Taveta’s century-old church calls for rehabilitation
By Renson Mnyamwezi | June 2nd 2021
Tucked away on a hill in the outskirts of Taveta town, Mahoo ACK Holy Trinity Church is still revered to date.
Though small in size, it is one of the first churches built by the early missionaries and stands derelict to this day.
Following its gazettement by the Government as a national monument, residents and leaders are expected to protect it for future generations, but this is not happening.
Historians and scholars say the first inland church was built at Mahoo by the Church Missionary Society in 1890s. Rev Albert Remington Steggall, the superintendent of the CMS station and founder of Taveta Chronicle used to preach in the church.
History shows that John Rebmann was the first to venture into the interior and went as far as Kilimanjaro, a time, which Krapf built his residential house, which still stands to date.
In the same house, Krapf built an upper house, which served as the church office.
When Rebmann returned, he also built his house, which was more of a classroom. Krapf ventured as far as Usambara in northeastern Tanzania and on coming back, introduced formal education.
And when Krapf went back to Europe, Rebmann took up the task of evangelism and built the current church between 1883 and 1887; this was 35 years after the first church had been built.
Inside the church, pieces of old furniture, the structure of a vicarage that had been corrupted are still in existence. Also standing tall is the First World War Watch Tower at the church.
“I had earlier cautioned the ACK church not to interfere with the structure but they ignored. The church building has been interfered with hence losing its historical heritage,” said Kimaru Folonja, an elder in Taveta.
He noted that behind the church, there are military bunkers for the soldiers who fought during WWI from 1914 to 1918 pitting the British and the Germans in Taveta sub-county, the epicenter of the war.
Folonja, 68, says the bunkers are falling apart due to old age, human activities, and lack of preservation.
“People just see the church as a local feature but historically, the structure is an important landmark that should be preserved for future generations,” says Folonja.
“The congregants have painted the building and expanded it instead of preserving it as a historical heritage.

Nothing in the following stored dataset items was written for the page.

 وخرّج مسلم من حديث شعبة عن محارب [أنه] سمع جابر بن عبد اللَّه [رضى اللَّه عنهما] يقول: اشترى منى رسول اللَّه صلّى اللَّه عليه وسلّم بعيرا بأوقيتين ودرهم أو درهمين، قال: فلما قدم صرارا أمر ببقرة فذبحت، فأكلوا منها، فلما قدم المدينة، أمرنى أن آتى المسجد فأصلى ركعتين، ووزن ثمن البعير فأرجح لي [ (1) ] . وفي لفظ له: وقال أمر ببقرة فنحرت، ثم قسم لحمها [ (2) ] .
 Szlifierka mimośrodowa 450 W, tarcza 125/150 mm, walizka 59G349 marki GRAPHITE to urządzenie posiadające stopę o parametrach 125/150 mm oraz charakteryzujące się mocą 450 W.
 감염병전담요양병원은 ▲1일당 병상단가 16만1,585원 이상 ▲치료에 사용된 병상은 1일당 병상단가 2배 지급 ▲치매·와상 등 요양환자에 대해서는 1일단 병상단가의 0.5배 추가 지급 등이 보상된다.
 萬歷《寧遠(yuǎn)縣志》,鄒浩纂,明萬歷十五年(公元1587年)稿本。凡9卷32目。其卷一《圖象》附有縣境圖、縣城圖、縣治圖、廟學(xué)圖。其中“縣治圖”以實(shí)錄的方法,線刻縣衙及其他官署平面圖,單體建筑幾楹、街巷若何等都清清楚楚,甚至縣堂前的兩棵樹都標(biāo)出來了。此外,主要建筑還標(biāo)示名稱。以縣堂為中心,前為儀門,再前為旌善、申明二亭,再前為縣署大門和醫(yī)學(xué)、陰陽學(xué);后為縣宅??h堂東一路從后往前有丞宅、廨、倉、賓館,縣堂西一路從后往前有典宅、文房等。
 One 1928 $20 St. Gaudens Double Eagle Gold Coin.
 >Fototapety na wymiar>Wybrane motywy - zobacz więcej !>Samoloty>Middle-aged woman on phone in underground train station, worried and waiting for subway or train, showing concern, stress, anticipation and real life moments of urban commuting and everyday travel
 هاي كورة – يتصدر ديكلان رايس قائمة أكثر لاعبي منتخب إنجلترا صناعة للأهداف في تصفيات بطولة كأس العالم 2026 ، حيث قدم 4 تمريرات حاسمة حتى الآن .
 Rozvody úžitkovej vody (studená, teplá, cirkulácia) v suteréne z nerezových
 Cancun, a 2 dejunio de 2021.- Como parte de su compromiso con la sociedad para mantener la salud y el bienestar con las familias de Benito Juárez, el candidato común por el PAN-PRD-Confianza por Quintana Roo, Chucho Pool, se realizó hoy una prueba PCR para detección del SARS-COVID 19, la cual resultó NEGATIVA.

Interference has made the monument lose its value. The building has a historical background that needs to be protected,” he added.
Folonja warned that the church's history will die if it is interfered with.
“No preservation is going on at one of the oldest churches and a historical monument,” he said, adding that its historic importance will disappear if deliberate efforts are not being made to preserve it.
“The problem is that nobody has bothered to protect the national monument. It pains me to see that feature going into waste,” he said.
The region was one of the epicenters of fighting between British and German forces and the devastating effects of WW1 are still evident in parts of the county.
During the war, Kasigau location was turned into a theatre, and residents were evicted from their ancestral land and deported to Malindi.